====== LISTED ENTRIES ======
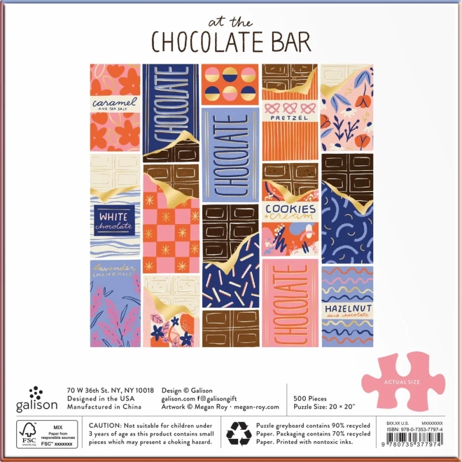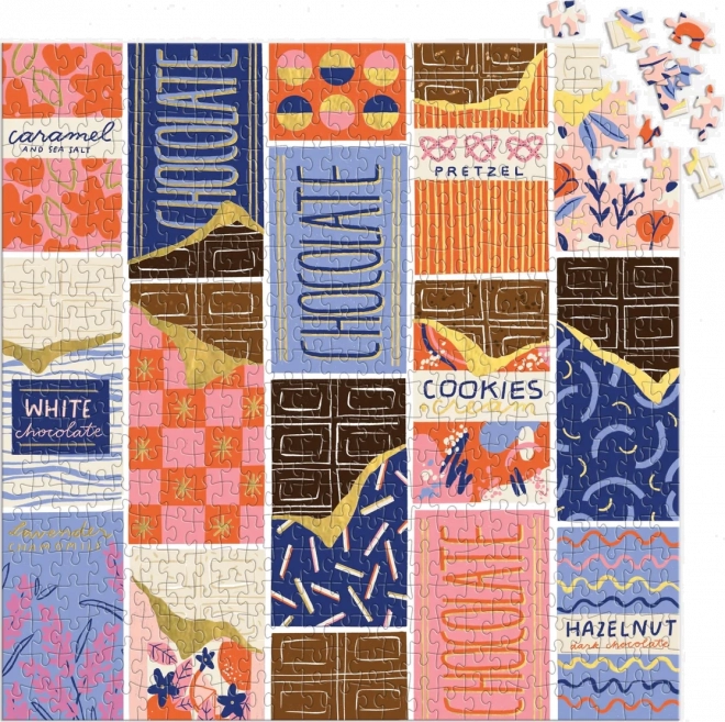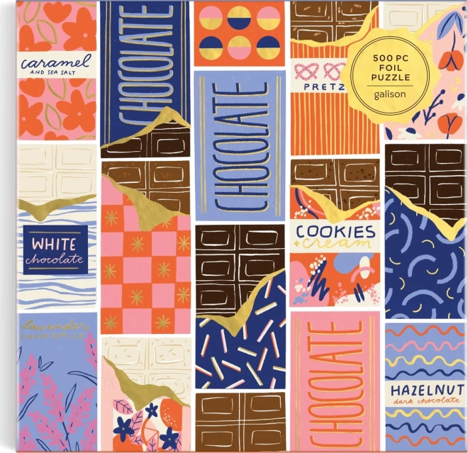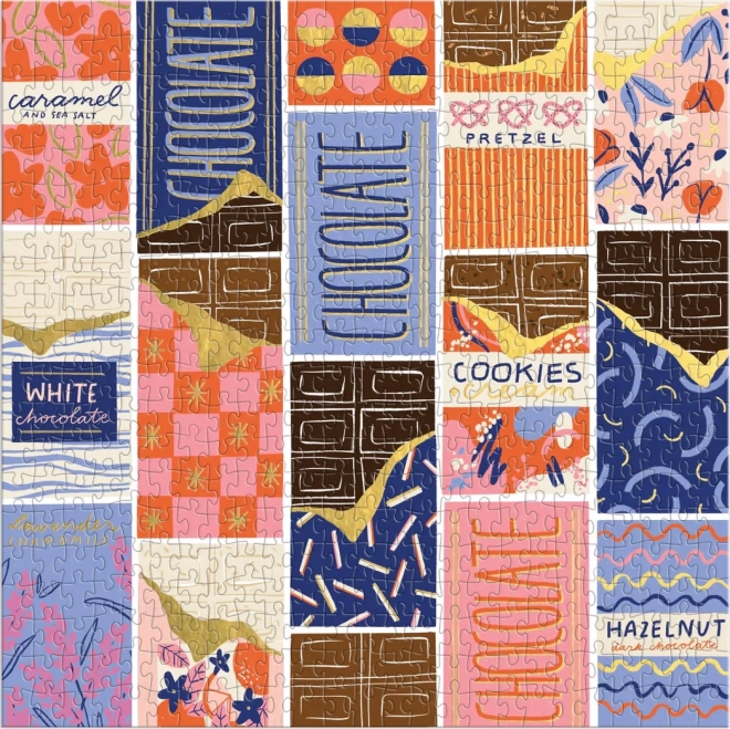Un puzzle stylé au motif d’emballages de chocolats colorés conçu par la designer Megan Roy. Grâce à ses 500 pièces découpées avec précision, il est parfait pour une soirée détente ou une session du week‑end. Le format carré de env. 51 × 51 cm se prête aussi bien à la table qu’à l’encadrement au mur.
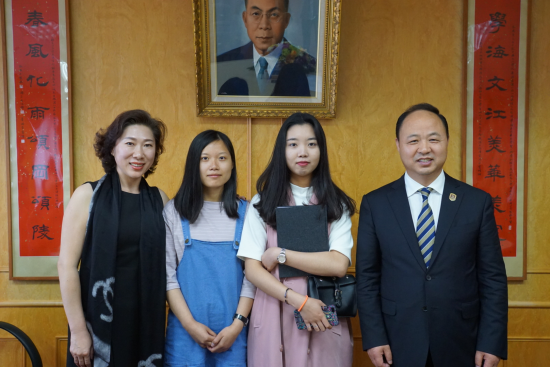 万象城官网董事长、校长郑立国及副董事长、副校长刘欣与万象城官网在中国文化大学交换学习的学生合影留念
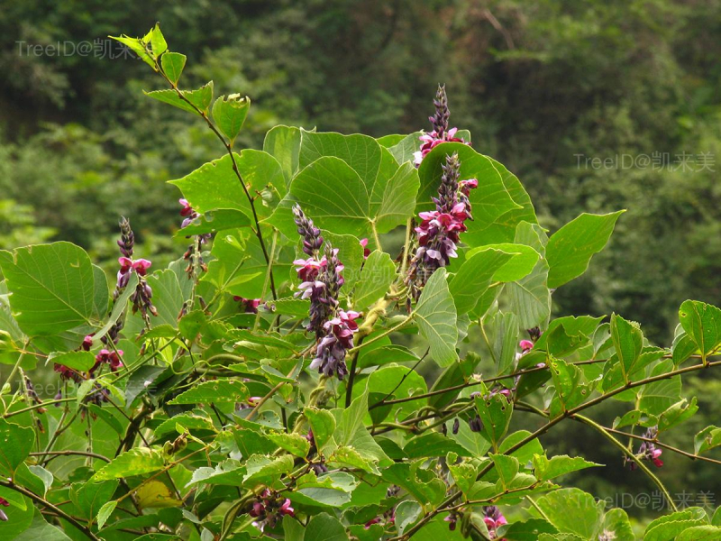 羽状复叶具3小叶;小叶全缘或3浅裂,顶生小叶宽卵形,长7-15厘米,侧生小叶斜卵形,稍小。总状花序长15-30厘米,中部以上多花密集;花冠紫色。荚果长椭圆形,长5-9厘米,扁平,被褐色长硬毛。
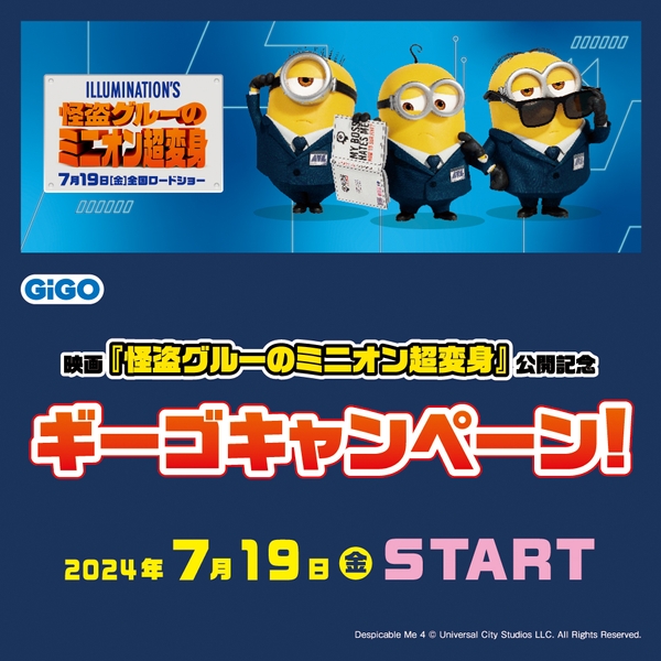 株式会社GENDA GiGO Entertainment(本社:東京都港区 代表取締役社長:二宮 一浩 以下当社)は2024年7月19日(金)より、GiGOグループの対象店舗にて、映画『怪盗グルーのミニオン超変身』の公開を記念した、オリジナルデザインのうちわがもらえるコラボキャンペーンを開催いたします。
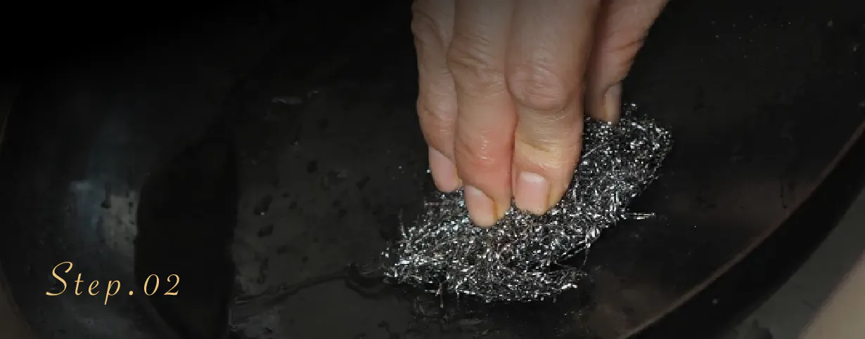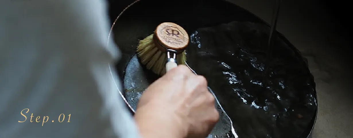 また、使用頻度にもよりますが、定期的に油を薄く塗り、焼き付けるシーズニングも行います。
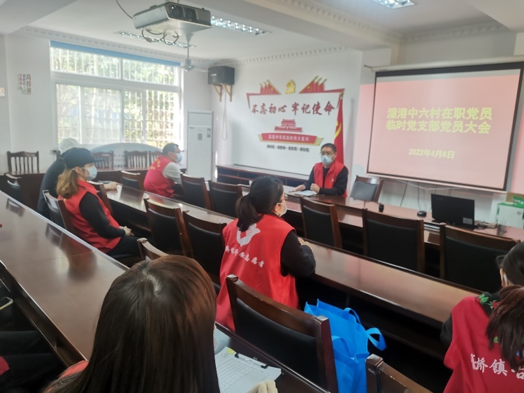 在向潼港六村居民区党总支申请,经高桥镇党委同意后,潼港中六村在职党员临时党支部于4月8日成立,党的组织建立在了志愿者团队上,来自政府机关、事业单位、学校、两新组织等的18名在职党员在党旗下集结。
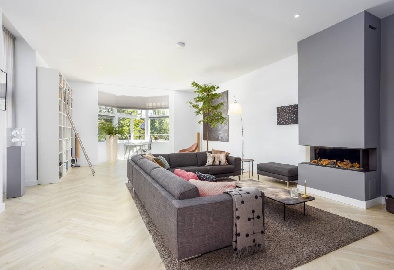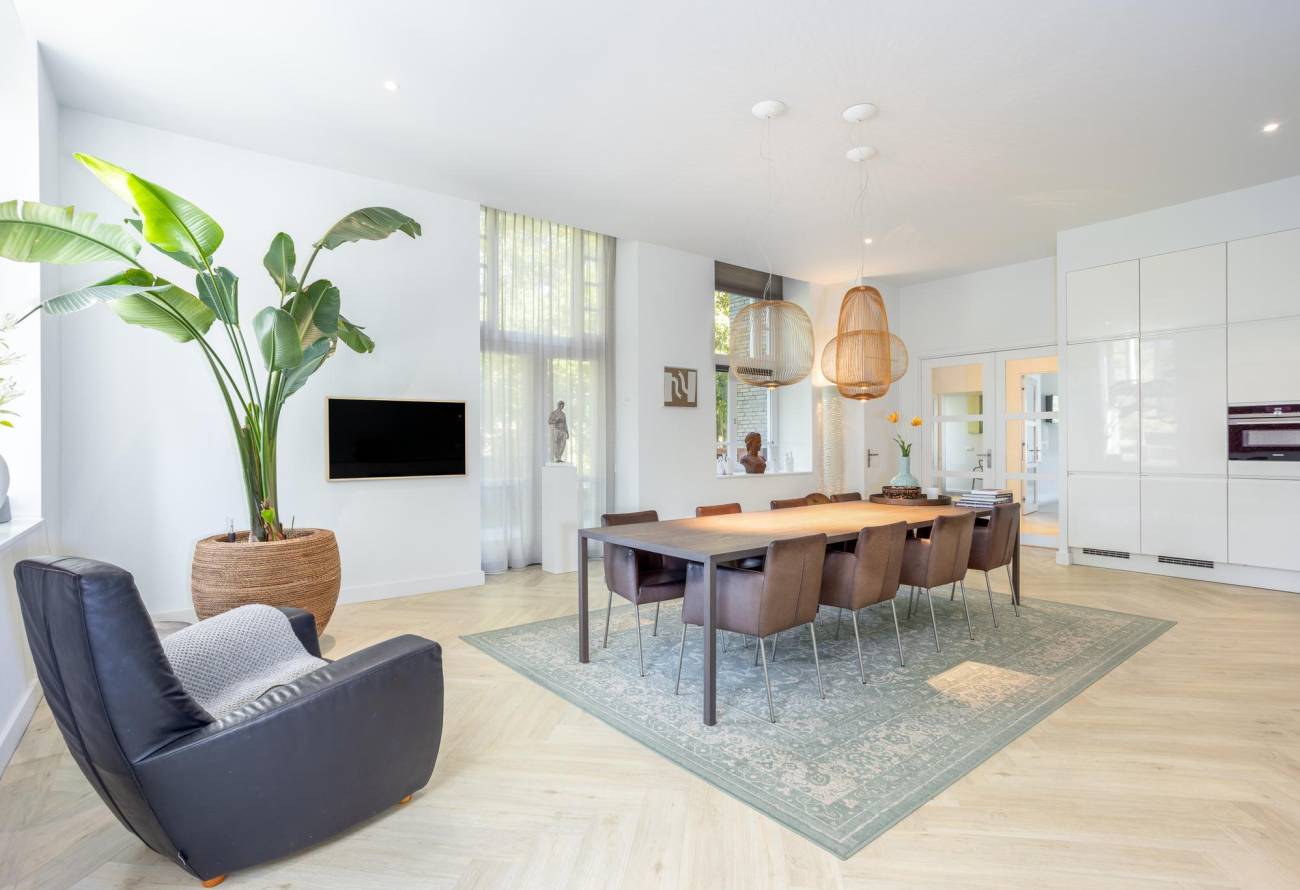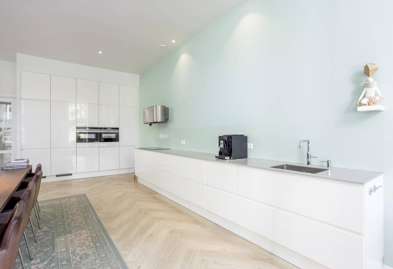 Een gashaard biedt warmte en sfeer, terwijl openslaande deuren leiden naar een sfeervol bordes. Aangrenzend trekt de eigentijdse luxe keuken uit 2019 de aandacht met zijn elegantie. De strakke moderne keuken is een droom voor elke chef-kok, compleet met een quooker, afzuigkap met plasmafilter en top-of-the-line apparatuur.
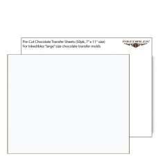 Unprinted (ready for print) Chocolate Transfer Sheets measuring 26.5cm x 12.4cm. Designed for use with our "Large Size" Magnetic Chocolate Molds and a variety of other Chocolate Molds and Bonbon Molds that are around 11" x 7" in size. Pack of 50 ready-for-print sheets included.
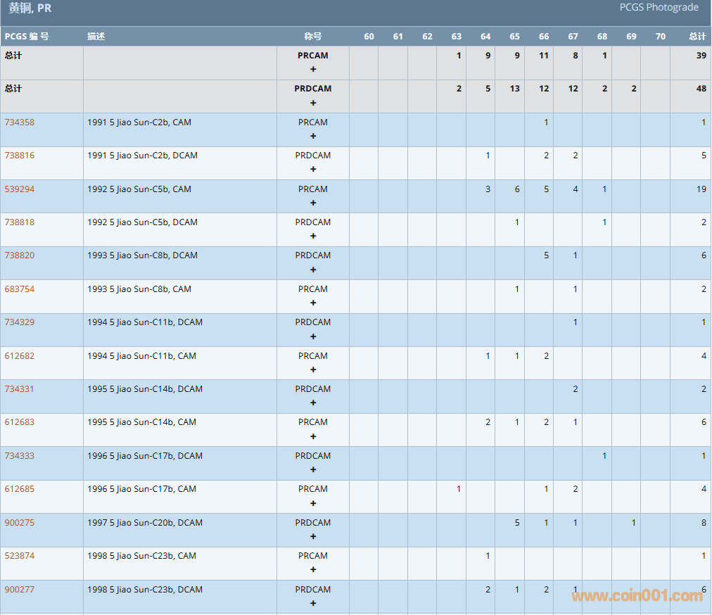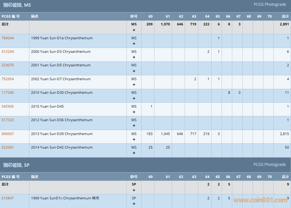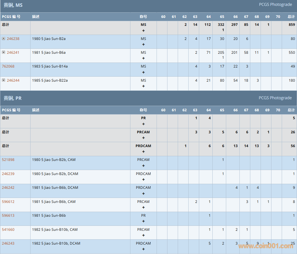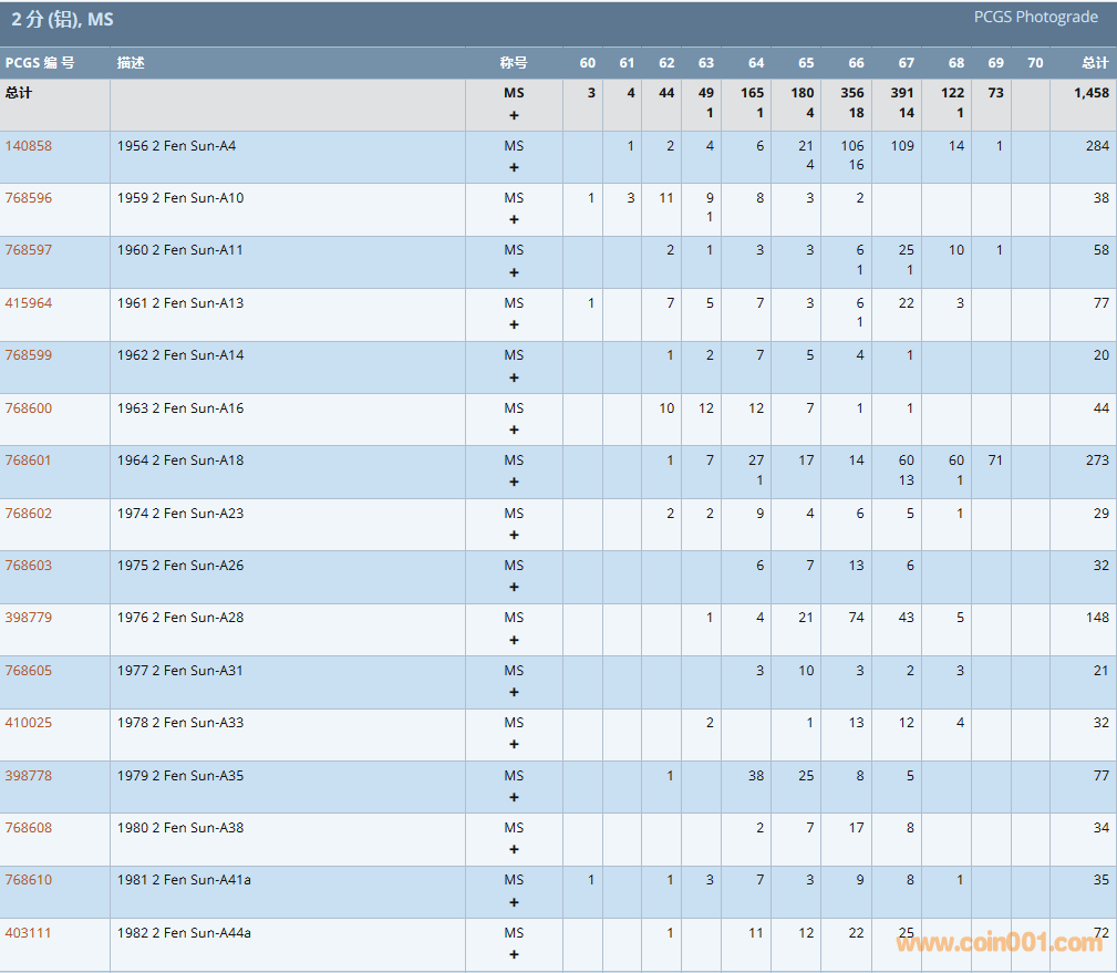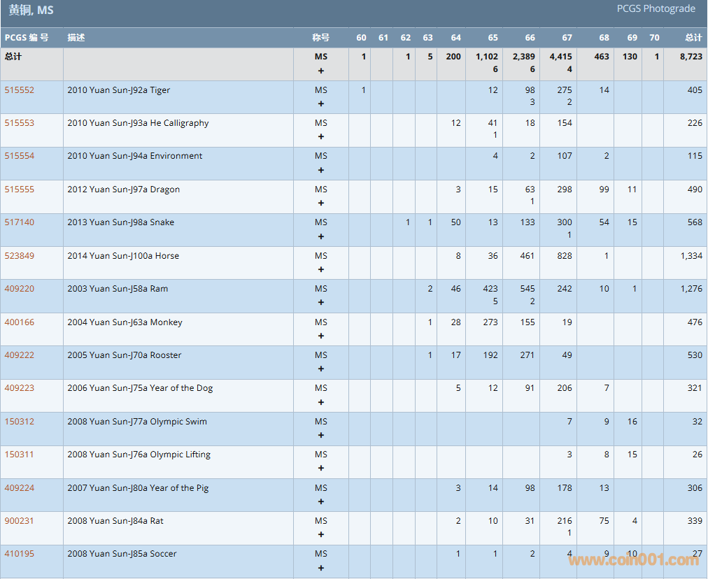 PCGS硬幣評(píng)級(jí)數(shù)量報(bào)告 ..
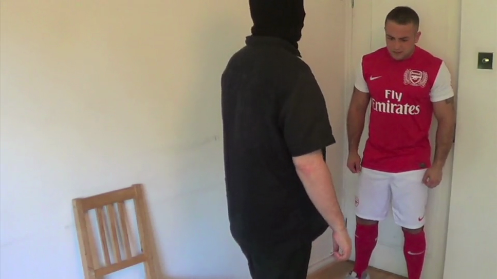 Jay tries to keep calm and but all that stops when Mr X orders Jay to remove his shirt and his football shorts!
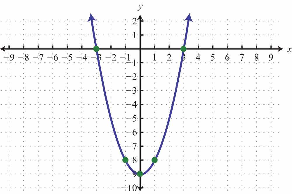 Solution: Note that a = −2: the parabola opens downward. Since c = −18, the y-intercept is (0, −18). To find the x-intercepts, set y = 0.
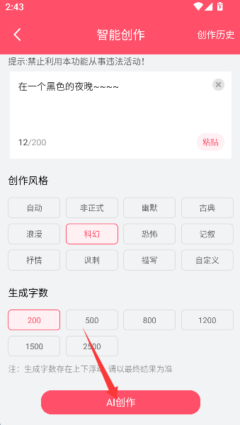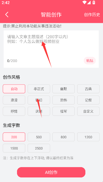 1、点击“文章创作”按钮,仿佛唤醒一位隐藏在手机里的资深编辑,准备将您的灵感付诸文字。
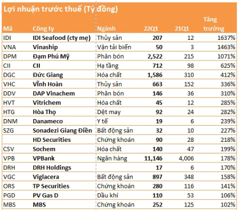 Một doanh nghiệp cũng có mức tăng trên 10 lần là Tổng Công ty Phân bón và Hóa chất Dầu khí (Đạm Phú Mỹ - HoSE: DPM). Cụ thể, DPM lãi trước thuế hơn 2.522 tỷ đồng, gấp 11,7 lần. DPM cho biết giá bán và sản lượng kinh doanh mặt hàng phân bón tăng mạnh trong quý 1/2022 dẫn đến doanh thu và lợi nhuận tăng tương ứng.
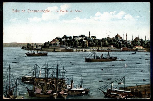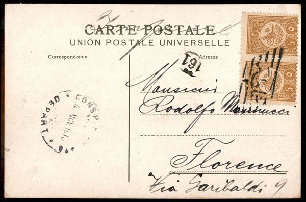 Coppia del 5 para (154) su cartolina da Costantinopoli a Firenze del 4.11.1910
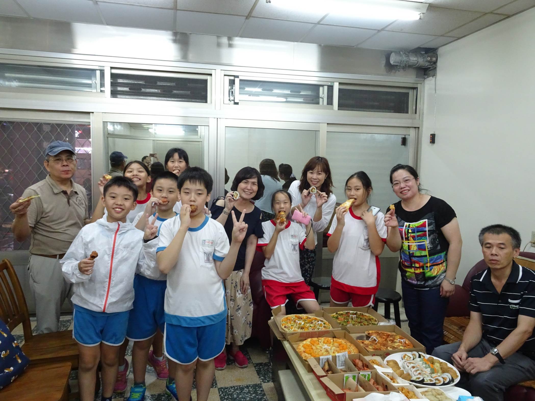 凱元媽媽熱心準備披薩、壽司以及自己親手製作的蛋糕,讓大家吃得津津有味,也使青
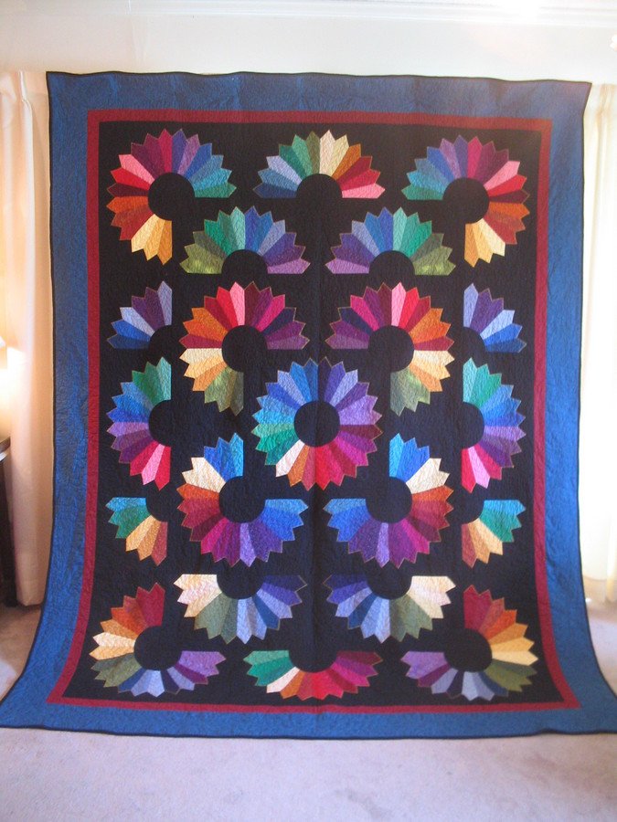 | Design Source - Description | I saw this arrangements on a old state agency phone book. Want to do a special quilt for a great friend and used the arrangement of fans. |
======
▸ **WHAT TO WORK ON**: Only the lines from the one holding "Coppia del 5" through the end of the records belong in the answer, copied exactly and without pictures.

▸ **YOUR RESPONSE**:
 Coppia del 5 para (154) su cartolina da Costantinopoli a Firenze del 4.11.1910
 凱元媽媽熱心準備披薩、壽司以及自己親手製作的蛋糕,讓大家吃得津津有味,也使青
 | Design Source - Description | I saw this arrangements on a old state agency phone book. Want to do a special quilt for a great friend and used the arrangement of fans. |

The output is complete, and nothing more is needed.